Understanding Knowledge Distillation in Neural Sequence Generation

Source: Deep Learning on Medium

Understanding Knowledge Distillation in Neural Sequence Generation — part 1

He is mostly about NLP → he is a natural language researcher → he had an internship at Microsoft and now works at Facebook.

Ongoing project on → working on natural language generation → generate text in many different ways → such as inserting words → this is not a typical way. (he focuses on multi-modal data such as text and audio etc)

Knowledge distillation is not a new thing → to train a smaller model → using a teacher’s model → rather than the hot topic → we use soft labeling. (this is interesting).

There is a temperature variable → and it seems like we need some searching method such as a beam search.

So we are using teachers’ labels → to train a smaller model → this actually works very well! → when we are doing model compression → but this model does not have any specifics on how to select the models.

Can this work in sequence generation as well? → this is not a classification problem → so he had to first work on what is non-autoregressive translation. (decoding step by step → this is strong → but this is slow.)

Implementation is slow and hard to do → NAT → does it at the same time and much faster. (this is worse)

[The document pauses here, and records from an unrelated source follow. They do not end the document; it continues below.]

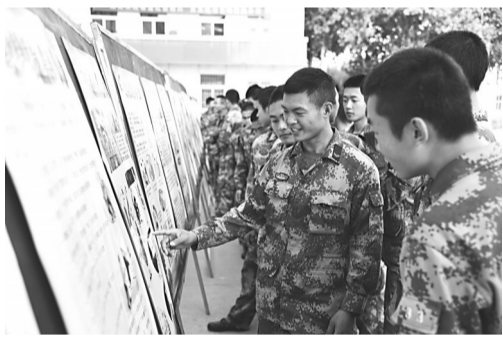
反邪教图片展览。部队官兵正在观看
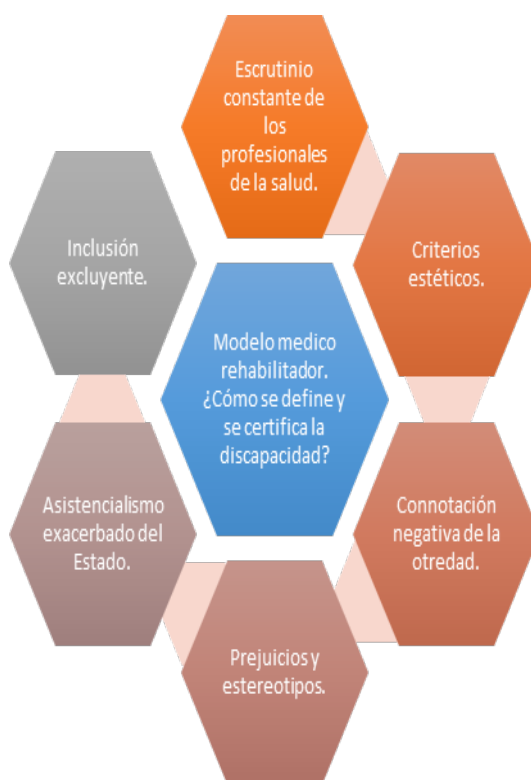
Figura 2 ¿Quiénes y que elementos constituyen los imaginarios?

discapacidad, influye notablemente en la forma en que el Estado aborda la discapacidad. El Estado interviene desde una óptica aun asistencialista y subsidiaria, evitando profundizar en la identificación y supresión de aquellos mecanismos que constituyen las exclusiones y desigualdades de la que son víctimas las personas con discapacidad (Rosato, Angelino, et.al 2009).
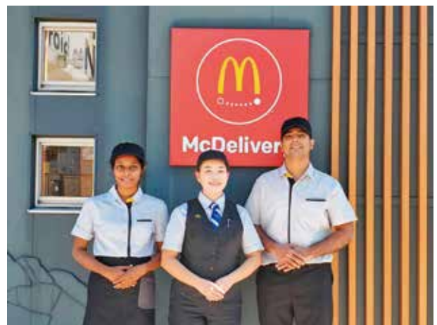
ダイバーシティの雇用促進
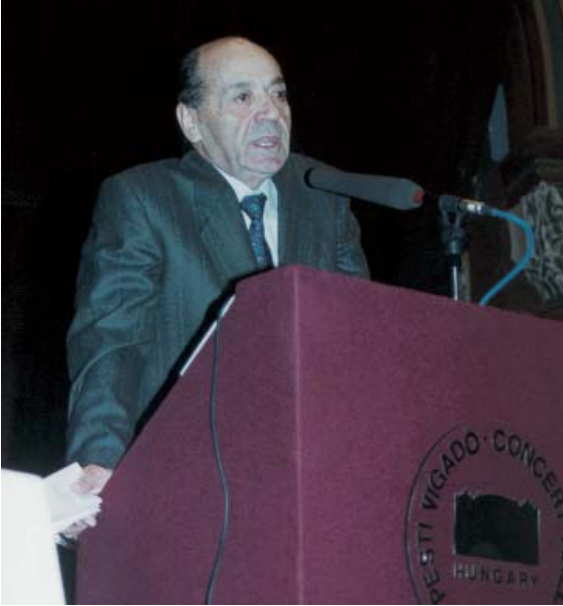
Budapeşte’de Efes Pilsen Bayi toplantısı (1992).
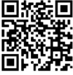
(Red Bull Anadolu Break)
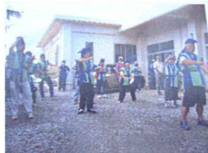
みやこ学園エイサー隊の皆さん
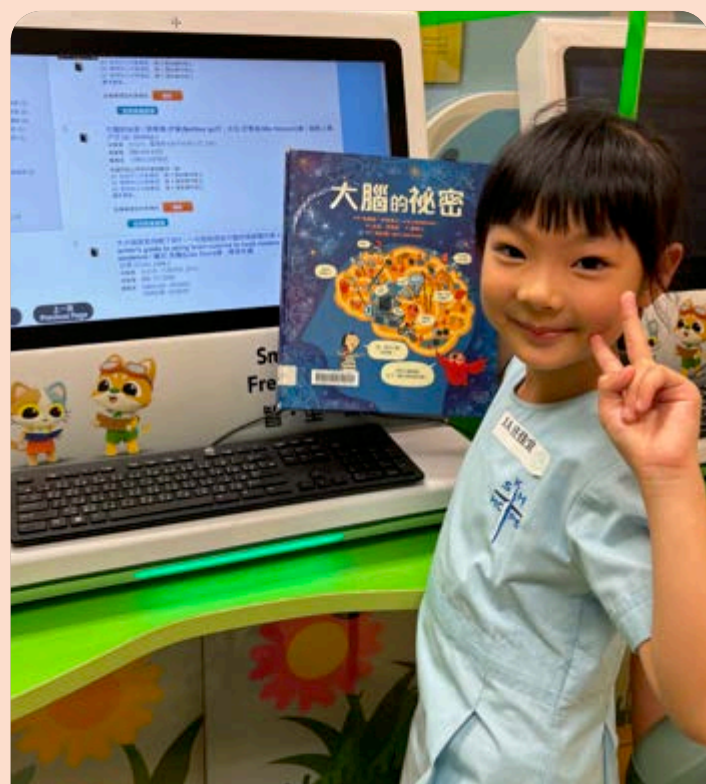
「5月4日九龍城智能漂書櫃啟動禮」
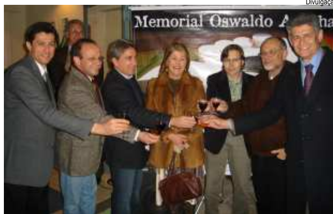
Autoridades participam do lançamento do projeto do Memorial Oswaldo Aranha de Alegrete...

So in practice, no one actually uses → NAT as it is → rather there are some modifications done in the framework. (both student and teacher is trained on the same data → the only difference is the label information).

He first started in the toy dataset → every single language is translated into three different languages. (and during the testing → the model chooses which language to translate → this is such an interesting and different approach)

So the multi-modal information has been learned by the model → this is very good. (this is an interesting problem for NLP → since there are multiple languages we can translate to → hence choosing the label is a task itself)

There are some mathematical measurements done → to know how much knowledge has been distilled.

As the number of parameters increases, → we are able to get much better results. (when they measured complexity of data → real data is really hard to learn compared to the label output by the teacher model)